Word for word, repeat the data; no picture should appear in the result.

• [Source data]:
++++++++
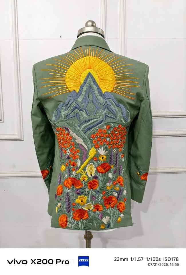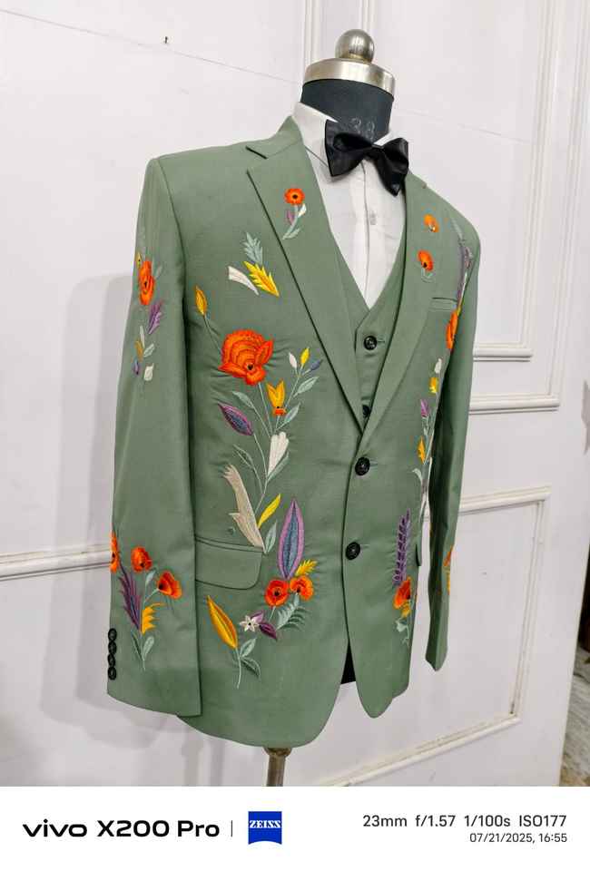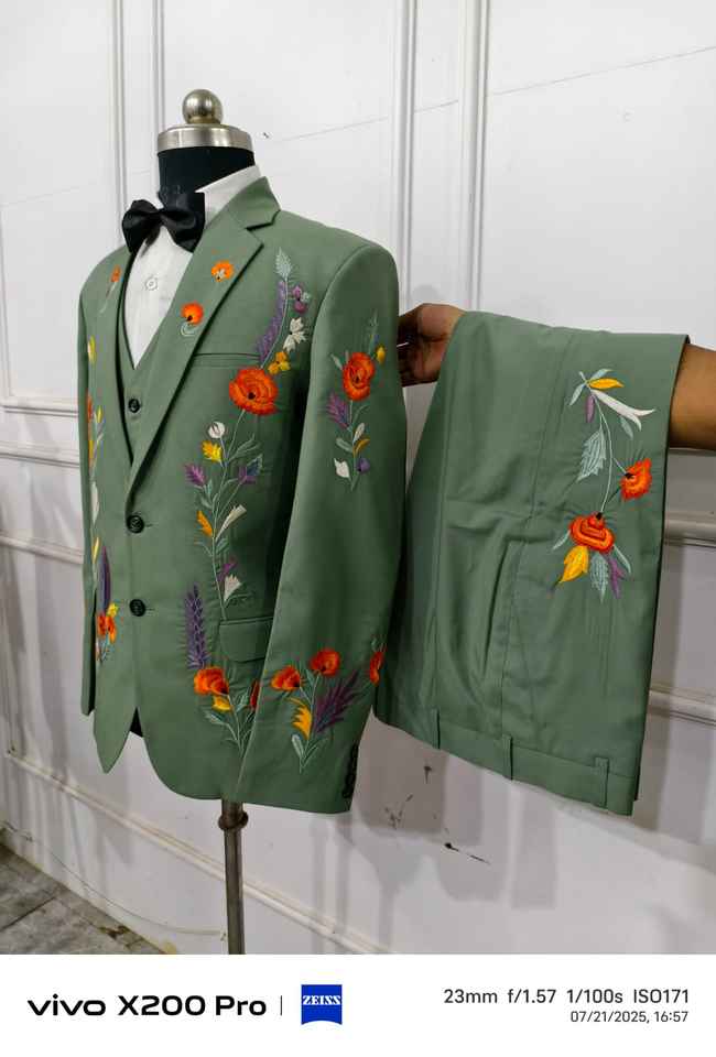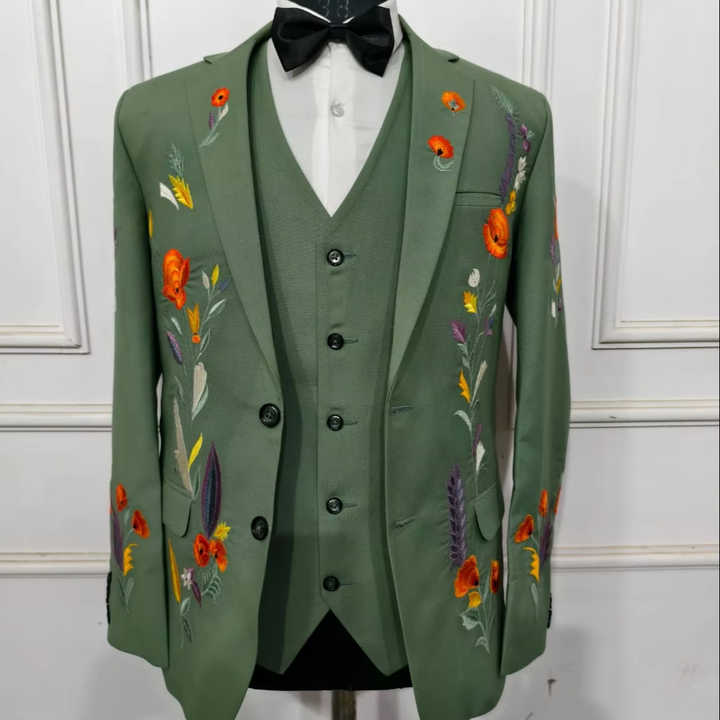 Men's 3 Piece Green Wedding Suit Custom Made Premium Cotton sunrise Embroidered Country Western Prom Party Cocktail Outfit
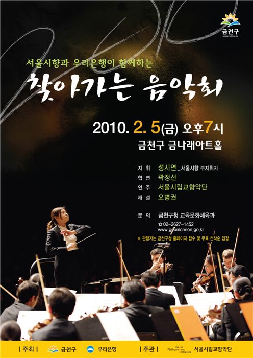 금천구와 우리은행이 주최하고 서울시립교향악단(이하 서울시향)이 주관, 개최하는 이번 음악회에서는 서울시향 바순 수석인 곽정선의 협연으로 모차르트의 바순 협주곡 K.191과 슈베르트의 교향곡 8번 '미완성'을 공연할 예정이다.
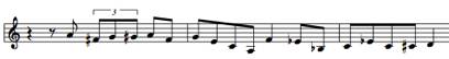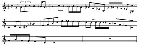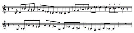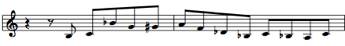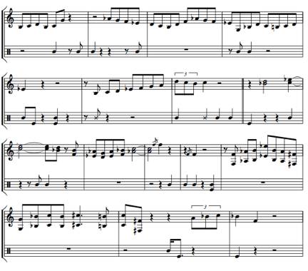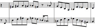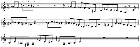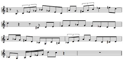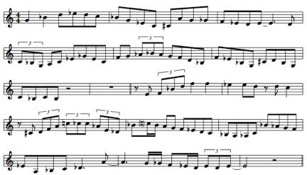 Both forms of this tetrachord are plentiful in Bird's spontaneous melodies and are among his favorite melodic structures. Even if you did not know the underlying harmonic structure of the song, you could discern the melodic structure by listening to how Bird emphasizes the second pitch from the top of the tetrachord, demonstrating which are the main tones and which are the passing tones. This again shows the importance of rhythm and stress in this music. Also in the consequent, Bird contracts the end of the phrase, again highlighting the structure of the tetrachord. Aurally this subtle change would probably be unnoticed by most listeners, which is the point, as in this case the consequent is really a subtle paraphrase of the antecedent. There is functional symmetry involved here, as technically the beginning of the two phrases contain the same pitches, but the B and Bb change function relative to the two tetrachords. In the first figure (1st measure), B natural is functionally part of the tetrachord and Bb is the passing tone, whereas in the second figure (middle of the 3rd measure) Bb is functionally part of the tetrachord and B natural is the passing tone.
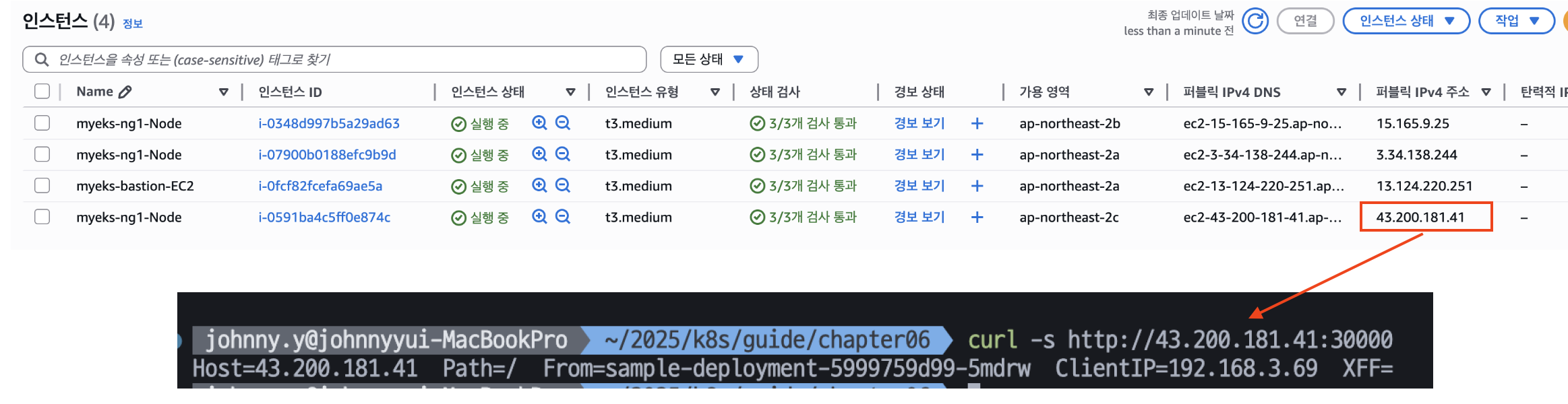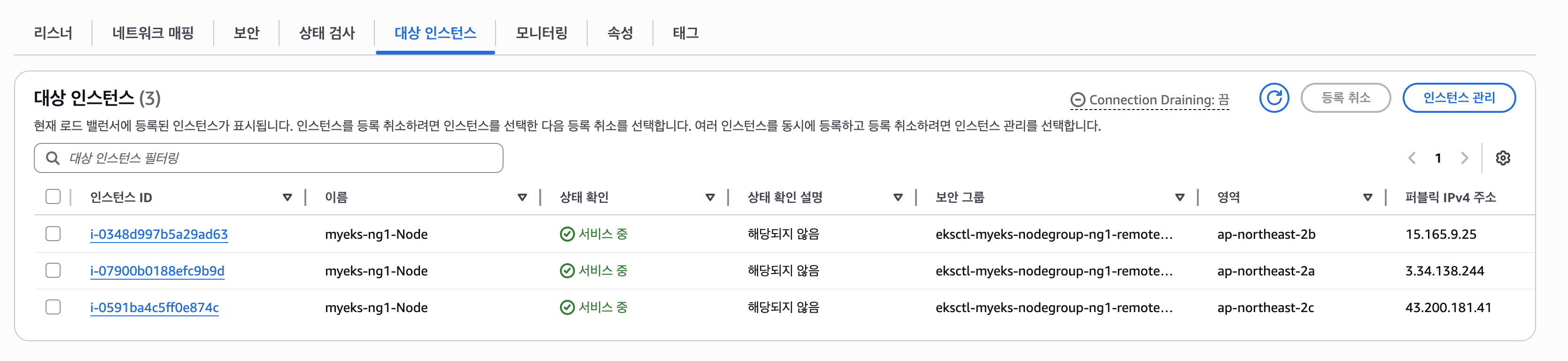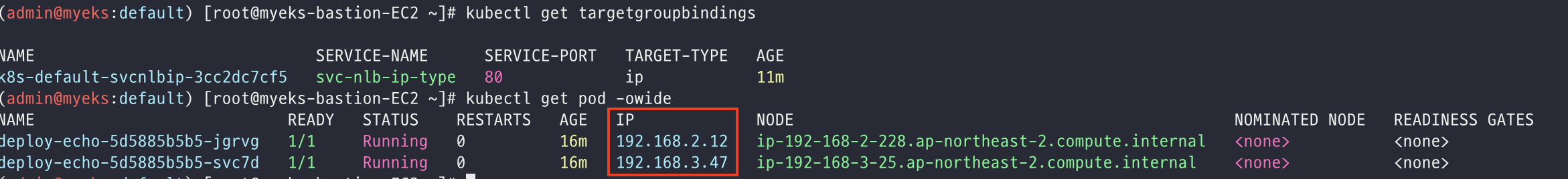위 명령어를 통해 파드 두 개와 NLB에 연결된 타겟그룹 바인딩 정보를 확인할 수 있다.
++++++++
• [Written answer]:
 Men's 3 Piece Green Wedding Suit Custom Made Premium Cotton sunrise Embroidered Country Western Prom Party Cocktail Outfit
 금천구와 우리은행이 주최하고 서울시립교향악단(이하 서울시향)이 주관, 개최하는 이번 음악회에서는 서울시향 바순 수석인 곽정선의 협연으로 모차르트의 바순 협주곡 K.191과 슈베르트의 교향곡 8번 '미완성'을 공연할 예정이다.
 Both forms of this tetrachord are plentiful in Bird's spontaneous melodies and are among his favorite melodic structures. Even if you did not know the underlying harmonic structure of the song, you could discern the melodic structure by listening to how Bird emphasizes the second pitch from the top of the tetrachord, demonstrating which are the main tones and which are the passing tones. This again shows the importance of rhythm and stress in this music. Also in the consequent, Bird contracts the end of the phrase, again highlighting the structure of the tetrachord. Aurally this subtle change would probably be unnoticed by most listeners, which is the point, as in this case the consequent is really a subtle paraphrase of the antecedent. There is functional symmetry involved here, as technically the beginning of the two phrases contain the same pitches, but the B and Bb change function relative to the two tetrachords. In the first figure (1st measure), B natural is functionally part of the tetrachord and Bb is the passing tone, whereas in the second figure (middle of the 3rd measure) Bb is functionally part of the tetrachord and B natural is the passing tone.
위 명령어를 통해 파드 두 개와 NLB에 연결된 타겟그룹 바인딩 정보를 확인할 수 있다.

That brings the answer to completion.